— EXERCISE INSTRUCTIONS —
Once you find the line below that has "Ручной душ Melodia", output it and every line after it exactly, stopping after the line that has "Kadın Kuşaklı Tesettür Elbise 2589 - Taş", with no pictures.

------ INPUT RECORDS

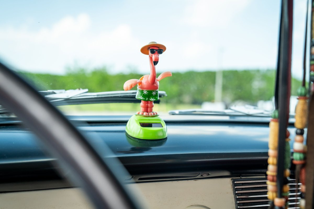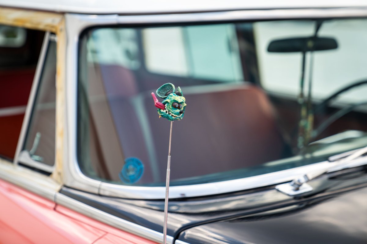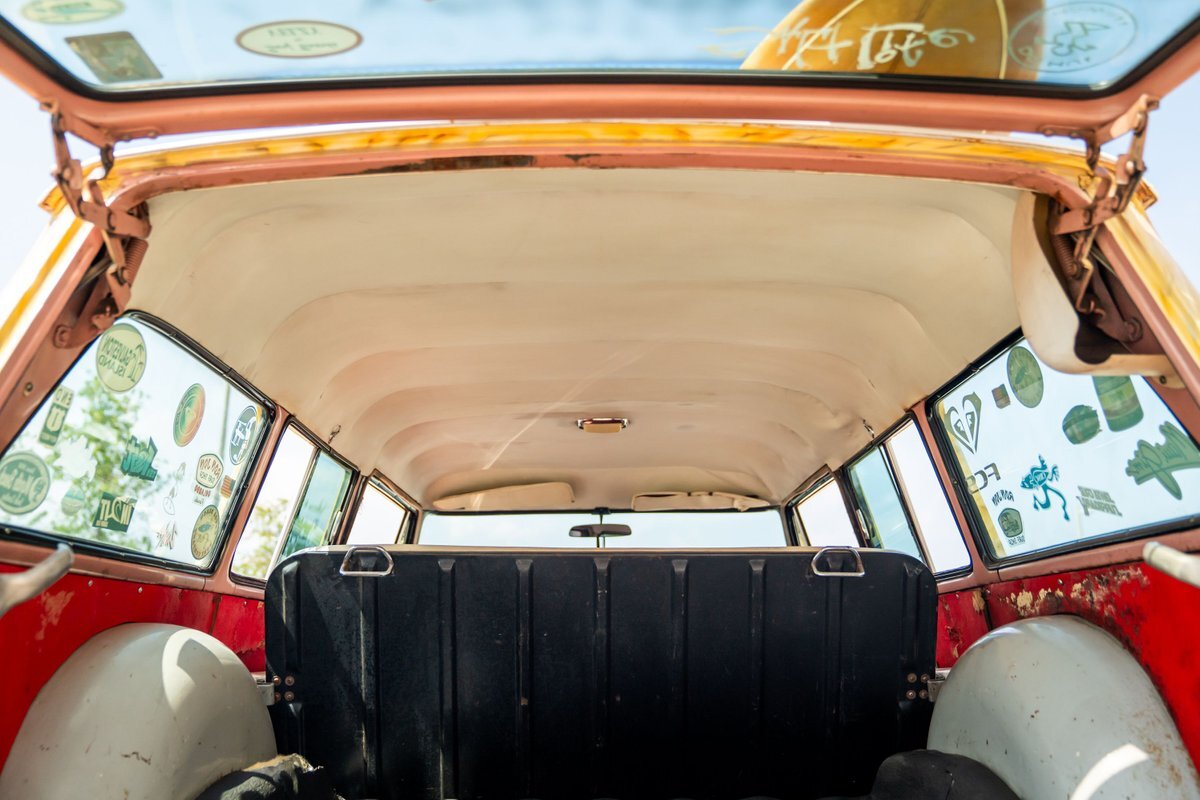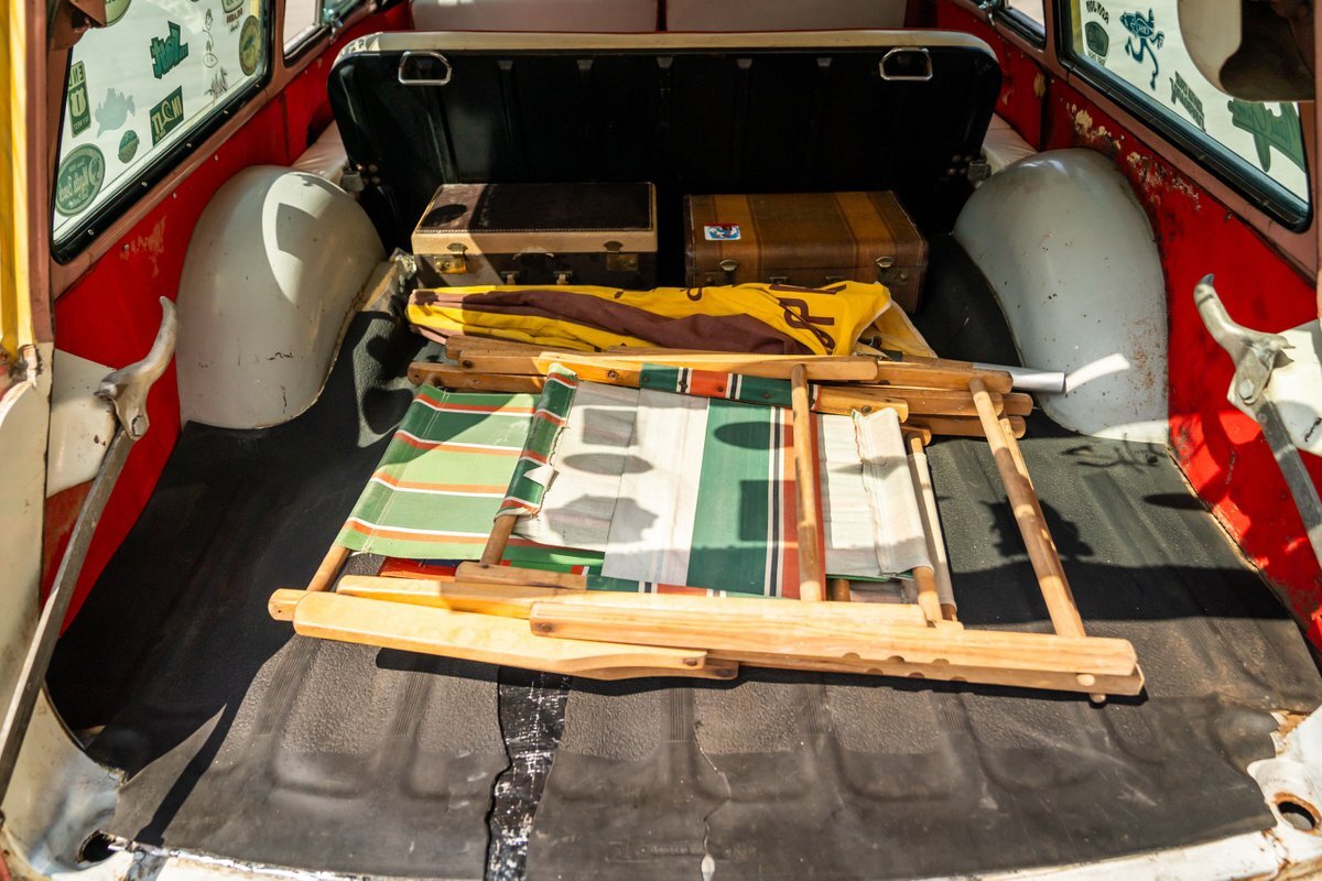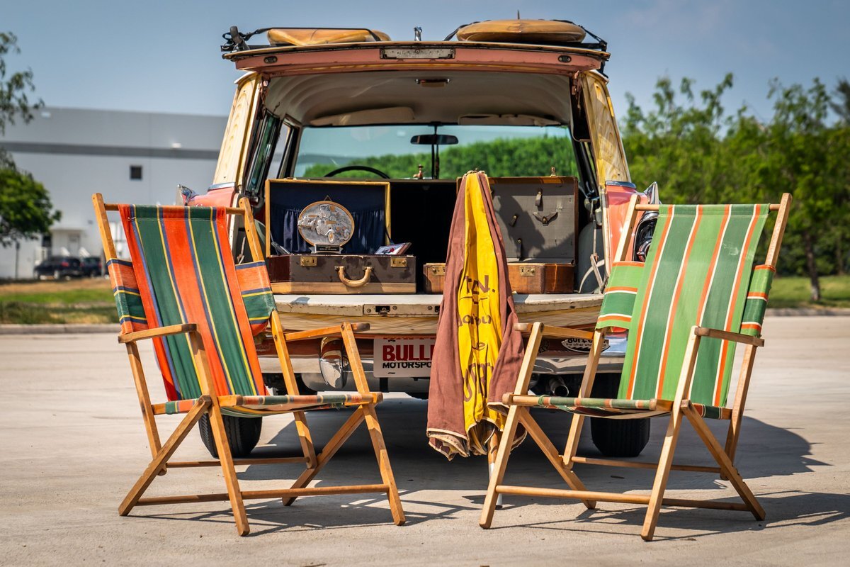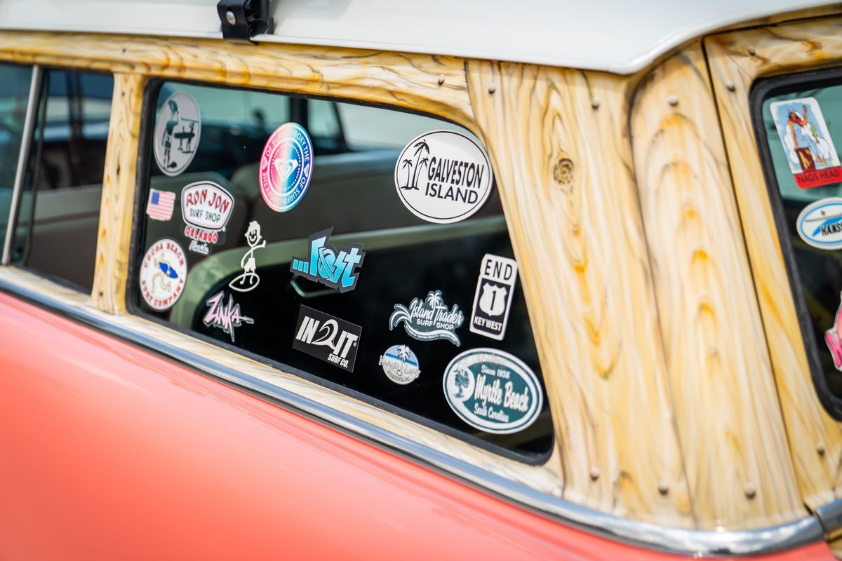 The car has been refinished in pink with a white roof panel and black accents on the hood and around the taillights. Woodgrain-style airbrushed paint has been applied around the window openings and on the tailgate by Air-On Customs. A removable black roof rack supports decorative wooden surfboards and a fishing pole that are included in the sale. Travel-focused stickers are found on the back windows. The driver-side headlamp was replaced in preparation for the sale.
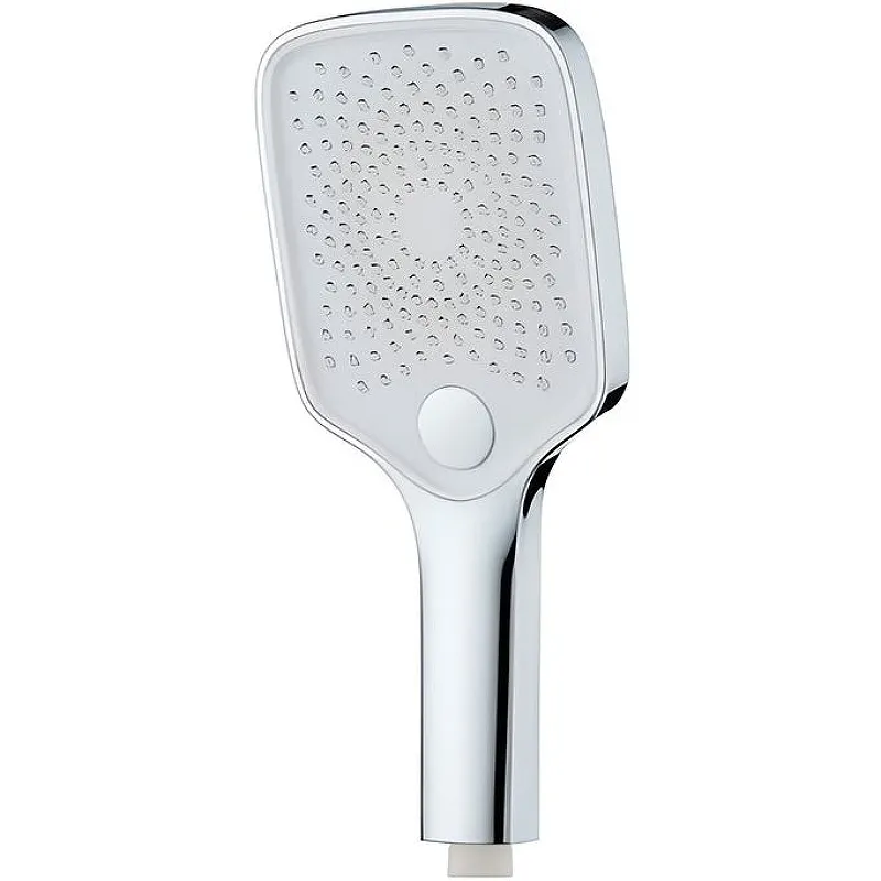 Ручной душ Melodia della vita Luxe MKP26314BL.Характеристики: Цвет: хром. Материал: ABS-пластик. Размеры (ШхВхГ): 105х130х50 мм. Количество режимов струи ручного душа: 3. Переключение режимов: кнопочное. Легкая очистка силиконовых форсунок от известкового налета. Стандарт подводки: G 1/2. В комплекте поставки: Ручной душ.
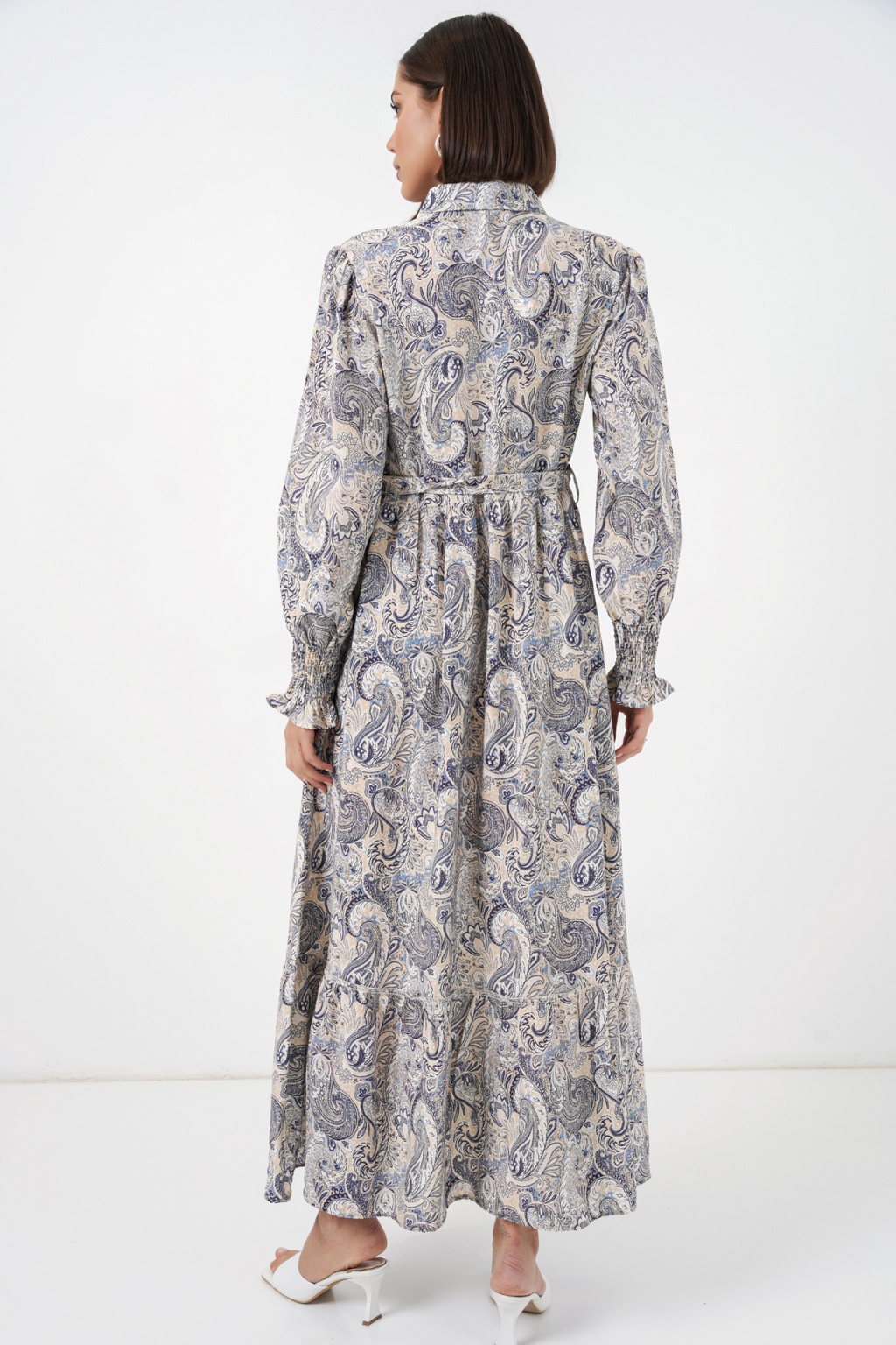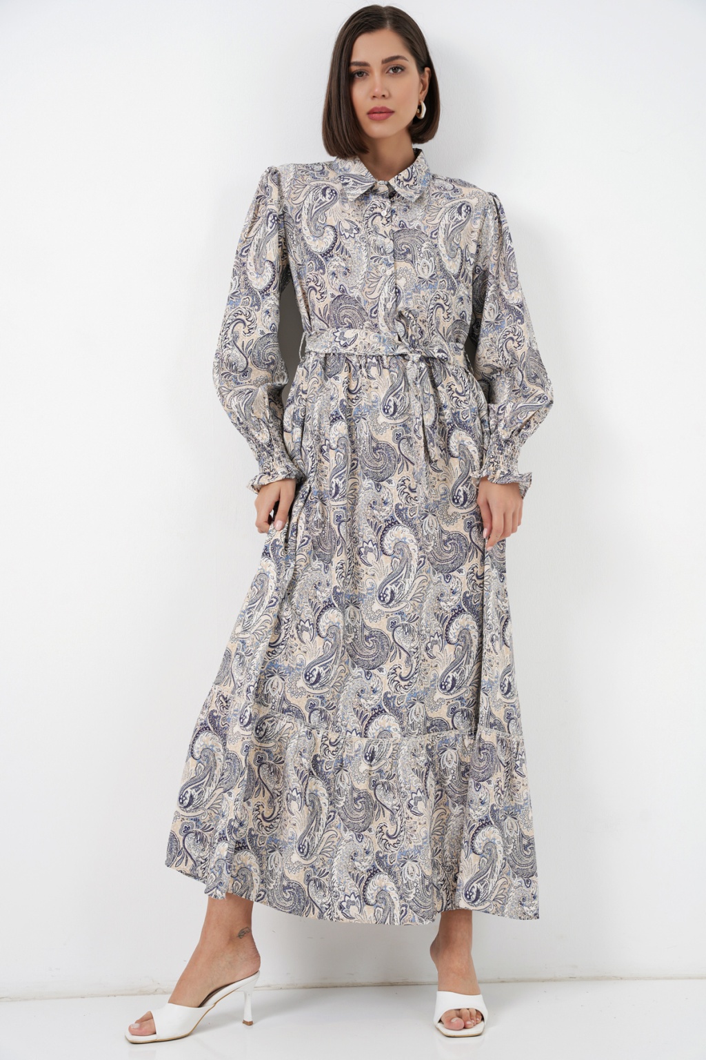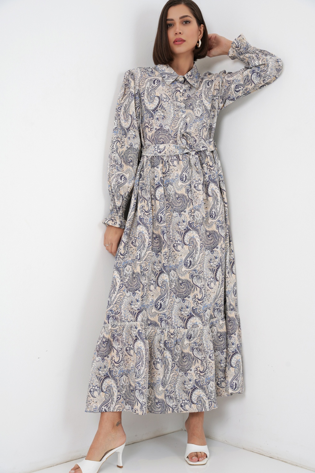 Kadın Kuşaklı Tesettür Elbise 2589 - Taş
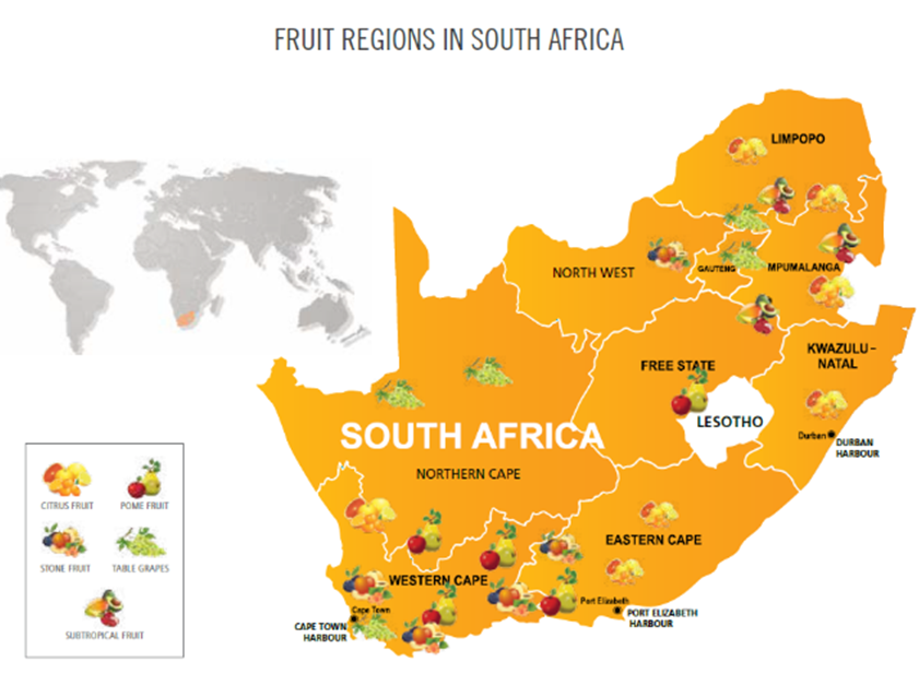 Głównymi importerami owoców cytrusowych z Południowej Afryki jest Holandia, Wielka Brytania, Rosja, Zjednoczone Emiraty Arabskie, Arabia Saudyjska i Chiny. Specjalność eksportowa RPA to też warzywa (m.in. bataty, dynia piżmowa, orzech szary). Oprócz cytrusów, eksport obejmuje m.in. owoce pestkowe, winogrona stołowe, owoce subtropikalne (awokado, liczi, mango, ananas, papaja) i owoce egzotyczne (melony, figi, granaty i inne) eksportowane do ponad 100 krajów. Południowoafrykańskie awokado trafia głównie do Europy.
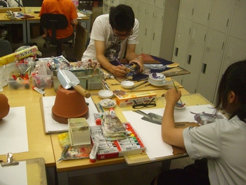 28 July 彦根校の様子 どうやら梅雨も明けたようなので、胸を張って夏バテできると意気込んでいる林です。ほとんどの高校が夏休みに入ったらしく、現役生で占める彦根校の夏期講習もにぎわいを増してきました。 AO対策、京芸色彩、国公立色彩、私大色彩、国公立油彩、基礎立体、と制作課題もバリエーションに富んでいます。そして、それぞれの制作姿勢に強い意気込みを感じます。たまに、何に意気込んでるんだ、という人をみかけますが、そうならないようにしてください。自分の意気込みが適正なものに向けられたものなのか、クールに判断していく必要があります。しかし、暑い毎日ですね。気を許すと頭がぼーっとしてきます。まだまだ続く夏期講習、みなさん体調にはくれぐれもお気をつけて。林 [0回]PR 2016/07/28 (Thu) 20:50 アスクでのこと Comment(0)

------------

— SOLUTION TO THE EXERCISE —
 Ручной душ Melodia della vita Luxe MKP26314BL.Характеристики: Цвет: хром. Материал: ABS-пластик. Размеры (ШхВхГ): 105х130х50 мм. Количество режимов струи ручного душа: 3. Переключение режимов: кнопочное. Легкая очистка силиконовых форсунок от известкового налета. Стандарт подводки: G 1/2. В комплекте поставки: Ручной душ.
 Kadın Kuşaklı Tesettür Elbise 2589 - Taş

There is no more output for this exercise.